Menurutnya Pilkada kali ini berbeda dari pilkada-pilkada sebelumnya, yang melawan kelompok incumbent di Depok.
Jika 5 atau 10 tahun yang lalu mungkin gerakan masyarakatnya masih kurang semangat, tapi sekarang baik dari partai politik maupun relawan dan semua kelompok bilang ini, tahun pemilihan ini terasa berbeda. Karena tingkat keterlibatan dan partisipasi masyarakat menunjukkan peningkatan signifikan.
Partai-partai politik yang biasanya adem ayem juga sekarang berkobar semangatnya, kelompok relawan juga masing-masing mengorganisir diri untuk bikin posko-posko kemenangan sendiri.
“Ini artinya masyarakat di Depok memang sudah sangat jenuh, tidak ada kemajuan selama 20 tahun terakhir. Padahal jika kita bandingkan dengan kota terdekat seperti Bekasi, dan Tangsel itu perkembangannya jauh sekali dibandingkan dengan Depok. Sebenarnya Depok ini punya anggaran yang cukup dan dari pusat juga banyak bantuan – bantuan, tapi entah mengapa bantuan – bantuan dari pusat tersebut itu tidak digunakan. Banyak yang mengatakan bahwa mereka memang mempunyai cara berpikir sendiri, sehingga kemudian dana dana pendidikan, kebudayaan dan seniman itu tidak di akses,” papar Pande, yang akrab disapa Bunda.
Menurutnya, selain dari dana sendiri di Depok, dana dari luar juga dari pusat itu banyak yang bisa digunakan, sehingga kemudian program dari Supian – Chandra seperti kuliah gratis, bebas macet, bebas pengangguran itu adalah program-program yang realistis sekali.
“Kita tidak asal-asalan membuatnya, kita sudah menghitung, bahkan sebagai contoh misalnya kuliah gratis, sudah kita hitung datanya dan bisa. Sehingga kita pastikan bahwa setiap anak di depok ini bisa kuliah, lapangan kerja bisa untuk di akses, BUMD, perusahaan yang dimiliki oleh pemerintah, dan juga banyak perusahaan perusahaan lain yang sebenarnya bisa menampung tenaga kerja, selama ini tidak dimanfaatkan, tidak difasilitasi oleh pemerintah,” bebernya.

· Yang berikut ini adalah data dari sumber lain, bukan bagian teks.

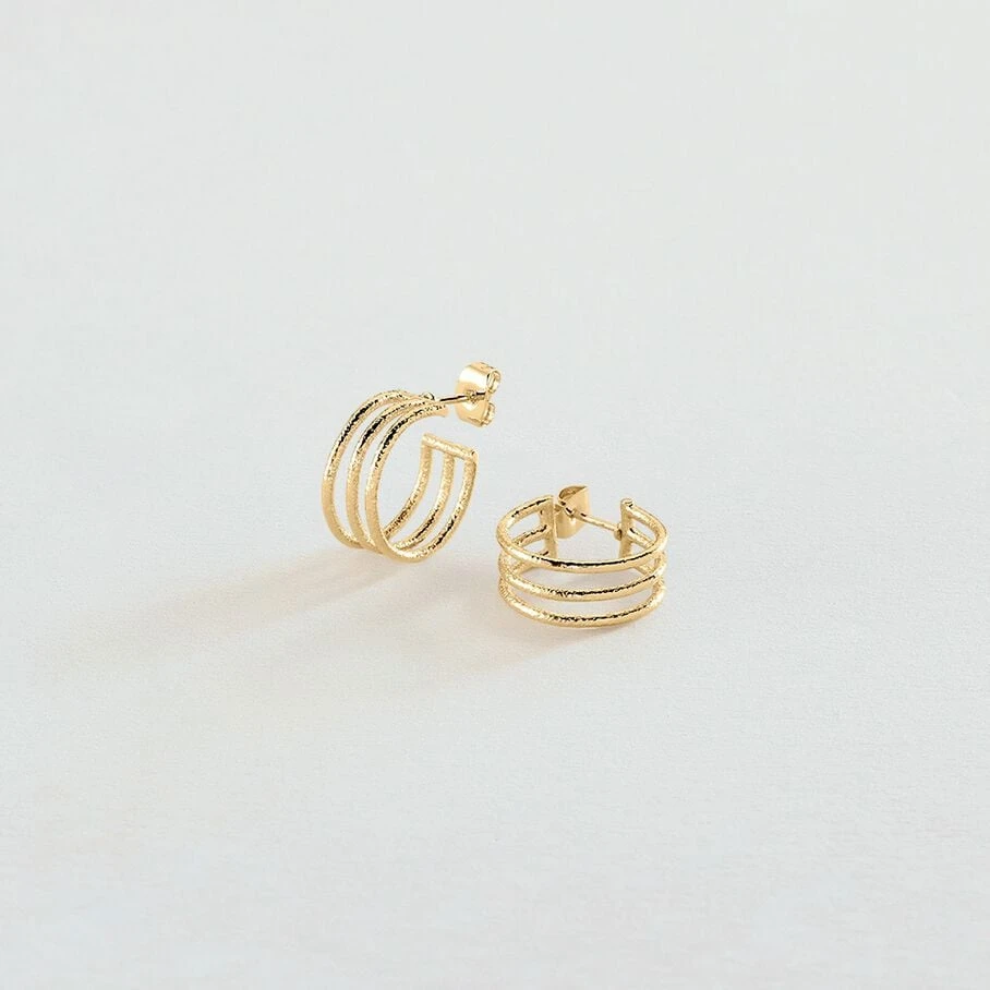 Créoles de 16.5mm de diamètre, en laiton doré 750/1000, faites de plusieurs fils texturés
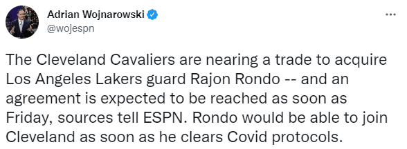 来源:JRS直播网12-31 11:15北京时间12月31日,自从新赛季开打之后,湖人队第一笔交易即将达成,据espn名记沃纳罗斯基报道,湖人和骑士已经接近达成朗多的交易,这笔交易最快明天正式达成;骑士想要引援朗多的最大原因是塞克斯顿、卢比奥先后赛季报销,他们的后场太缺人。
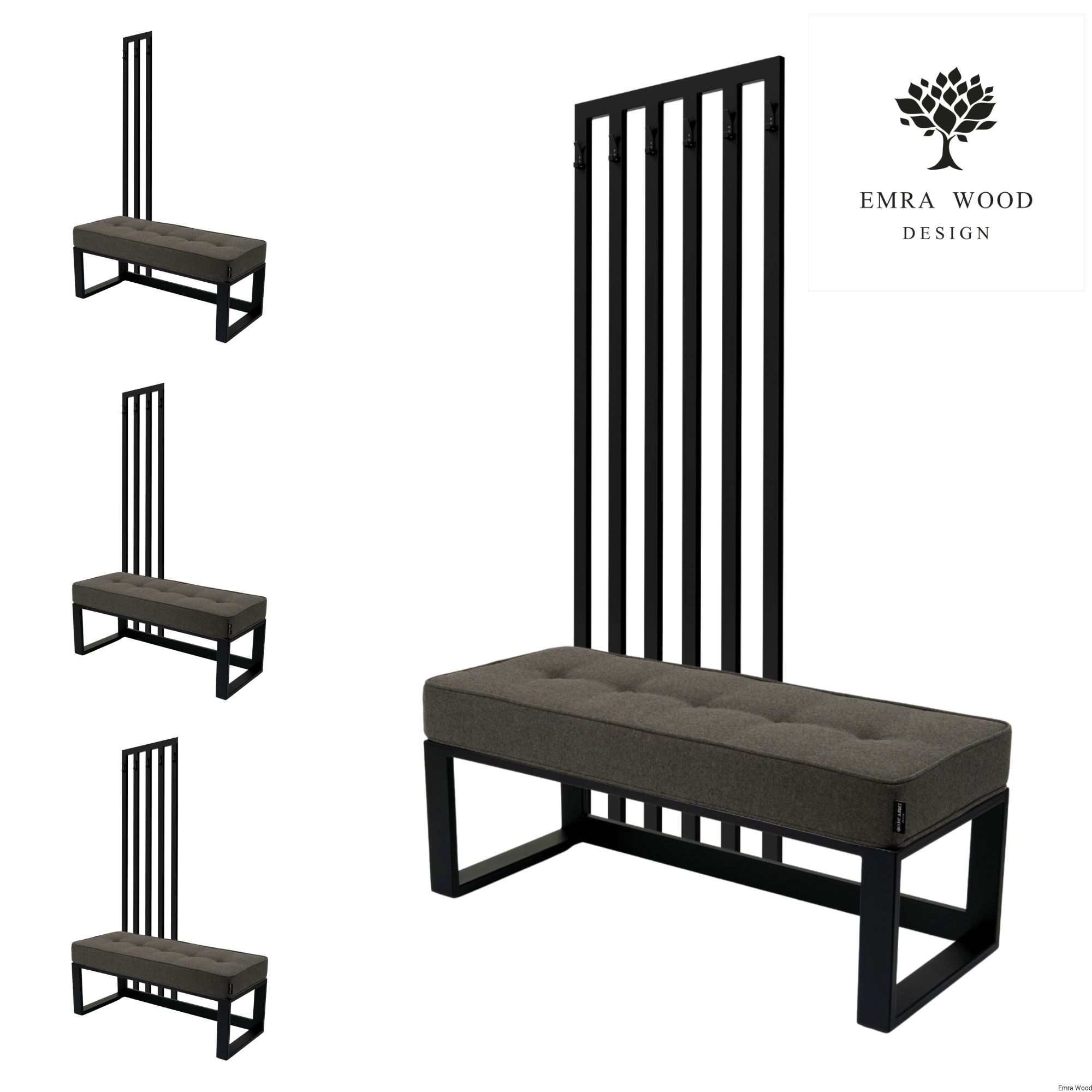 Ławka Z Wieszakiem Model LGM-376 / Tkanina Hamilton 2818 / Stelaż Stal Czarna / Produkowana w rozmiarach od 50 cm do 200 cm
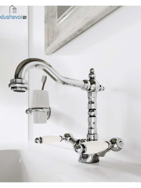 Смеситель для раковины, высокий с поворотным изливом, с д/к, (цв.бронза, ручка цв.белый), Elite ZZ Смеситель для раковины, высокий с поворотным изливом, с д/к, (цв.бронза, ручка цв.белый), Elite ZZ
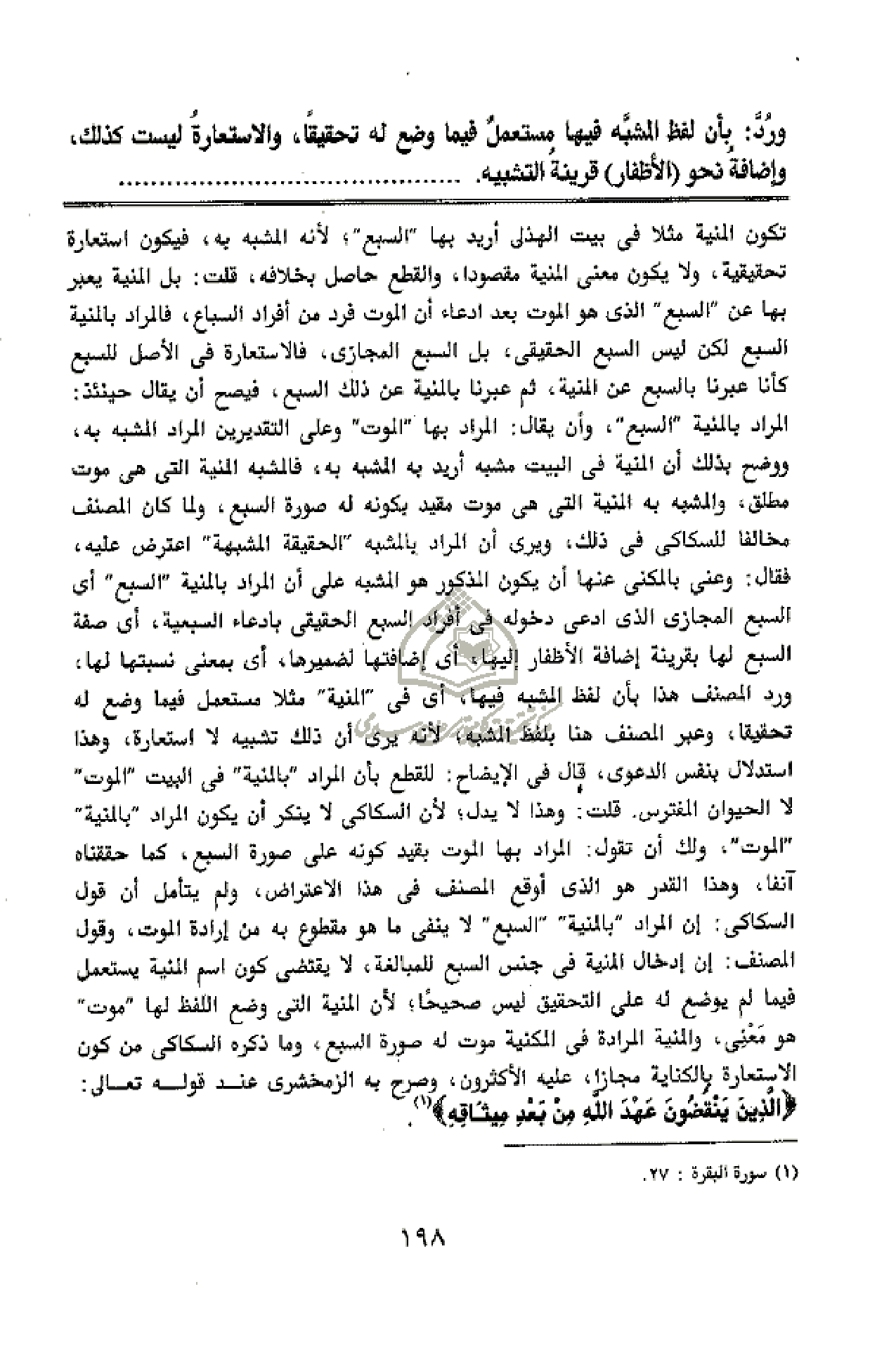 تكون المنية مثلا فى بيت الهذلى أريد بها" السبع"؛ لأنه المشبه به، فيكون استعارة تحقيقية، ولا يكون معنى المنية مقصودا، والقطع حاصل بخلافه، قلت: بل المنية يعبر بها عن" السبع" الذى هو الموت بعد ادعاء أن الموت فرد من أفراد السباع، فالمراد بالمنية السبع لكن ليس السبع الحقيقى، بل السبع المجازى، فالاستعارة فى الأصل للسبع كأنا عبرنا بالسبع عن المنية، ثم عبرنا بالمنية عن ذلك السبع، فيصح أن يقال حينئذ:

“Dan untuk diketahui, sebenarnya pemenang di pilkada sebelumnya adalah Golput. Nah ini adalah tugas-tugas kita sebagai relawan, bagaimana membangunkan masyarakat yang masih tidur, yang tidak perduli ini supaya ikut memilih”, jelasnya.
Masih kata Bunda Pande, “Karena kalau kita perhatikan, Pemilu terakhir sebenarnya suara dari kompetitor kita tidak lebih dari 400 ribu, sementara DPT kita saat ini dikota Depok berkisar 1 juta 400 ribu lebih. Artinya kita masih punya sekitar 1 juta suara yang bisa kita organisir untuk memilih Supian-Chandra. Itu merupakan tugas dari kita semua, yang memang ingin kita punya perubahan untuk Depok,” ajaknya.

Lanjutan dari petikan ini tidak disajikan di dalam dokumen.